Skip the pictures and give back the rest of the listing exactly.

▸ **Recorded data**:
- - - - -

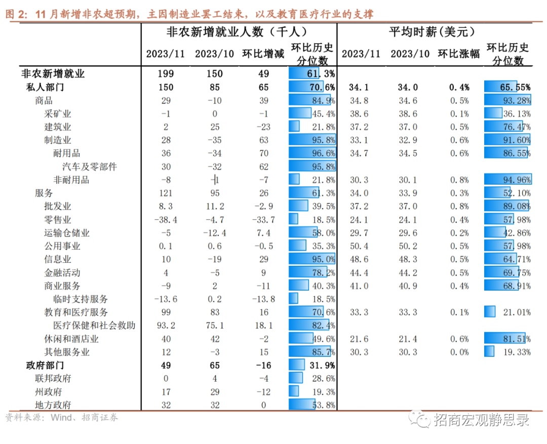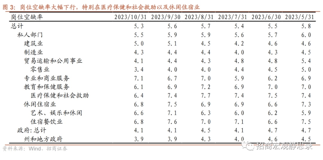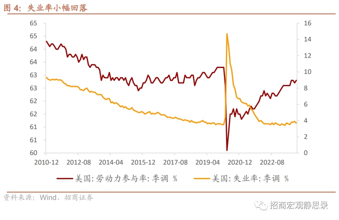 11月美国新增非农数据小幅超预期,主因罢工潮结束后制造业劳动者返回工作岗位;而劳动参与率和职位空缺率仍反映出劳动力市场的供需在持续均衡,短期事件扰动对美联储的影响有限。1)11月非农新增19.9万人,稍高于市场所预期的18.5万人。根据BLS,制造业新增2.8万人,主因全美汽车工人联合会(UAW)罢工结束后劳动者返回岗位,此次罢工事件扰动亦曾致使10月新增非农数据低于预期。2)教育和医疗服务行业的非农新增提速至9.9万人(前值8.3万人),政府部门新增4.9万人(前值6.5万人),合计对整体新增非农的拉动占比达到74%。休闲和酒店业11月新增4万人(前值4.2万人),时薪环比0.6%,量、价均偏强,反映出服务业消费动能仍有一定惯性。零售业降温明显,就业减少3.8万人(前值减少0.5万人)。3)尽管存在短期扰动,美国的劳动力市场需求侧仍在持续降温。根据12月5日发布的JOLTS数据,10月职位空缺率大幅下行至5.3%(前值5.6%),其中医疗保健和社会救助明显降温,预计医疗行业后续对新增非农的支撑会减弱。本期对前月数据有小幅下修,主要体现在9月非农新增从初值的33.6万人,再度下修至26.2万人。劳动参与率本月上升至62.8%,相较疫情前63.3%的水平,在移民劳动者回归常态化的支持下,劳动力市场的供需均衡调整仍有空间。4)随着劳动参与率上升至62.8%,11月失业率回落至3.7%,经济软着陆的前景仍在。
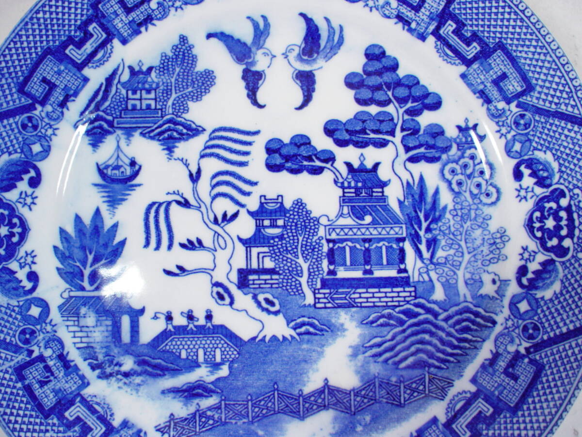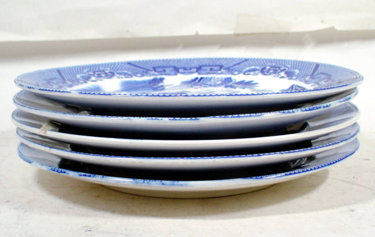 ちょい古の 中型 印判染付皿  5枚です。
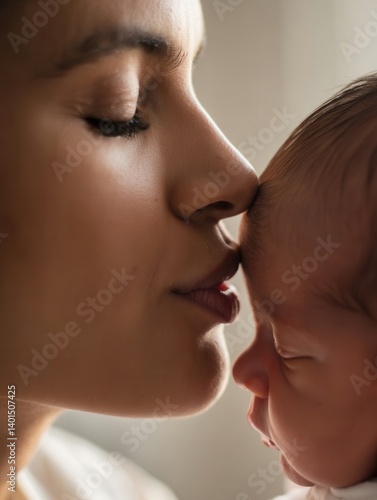 Tender mother kissing newborn baby, intimate family portrait, maternity magazine, parenting book, early childhood care, family love, healthcare blog, motherhood moments

- - - - -

▸ **Response box**:
 11月美国新增非农数据小幅超预期,主因罢工潮结束后制造业劳动者返回工作岗位;而劳动参与率和职位空缺率仍反映出劳动力市场的供需在持续均衡,短期事件扰动对美联储的影响有限。1)11月非农新增19.9万人,稍高于市场所预期的18.5万人。根据BLS,制造业新增2.8万人,主因全美汽车工人联合会(UAW)罢工结束后劳动者返回岗位,此次罢工事件扰动亦曾致使10月新增非农数据低于预期。2)教育和医疗服务行业的非农新增提速至9.9万人(前值8.3万人),政府部门新增4.9万人(前值6.5万人),合计对整体新增非农的拉动占比达到74%。休闲和酒店业11月新增4万人(前值4.2万人),时薪环比0.6%,量、价均偏强,反映出服务业消费动能仍有一定惯性。零售业降温明显,就业减少3.8万人(前值减少0.5万人)。3)尽管存在短期扰动,美国的劳动力市场需求侧仍在持续降温。根据12月5日发布的JOLTS数据,10月职位空缺率大幅下行至5.3%(前值5.6%),其中医疗保健和社会救助明显降温,预计医疗行业后续对新增非农的支撑会减弱。本期对前月数据有小幅下修,主要体现在9月非农新增从初值的33.6万人,再度下修至26.2万人。劳动参与率本月上升至62.8%,相较疫情前63.3%的水平,在移民劳动者回归常态化的支持下,劳动力市场的供需均衡调整仍有空间。4)随着劳动参与率上升至62.8%,11月失业率回落至3.7%,经济软着陆的前景仍在。
 ちょい古の 中型 印判染付皿  5枚です。
 Tender mother kissing newborn baby, intimate family portrait, maternity magazine, parenting book, early childhood care, family love, healthcare blog, motherhood moments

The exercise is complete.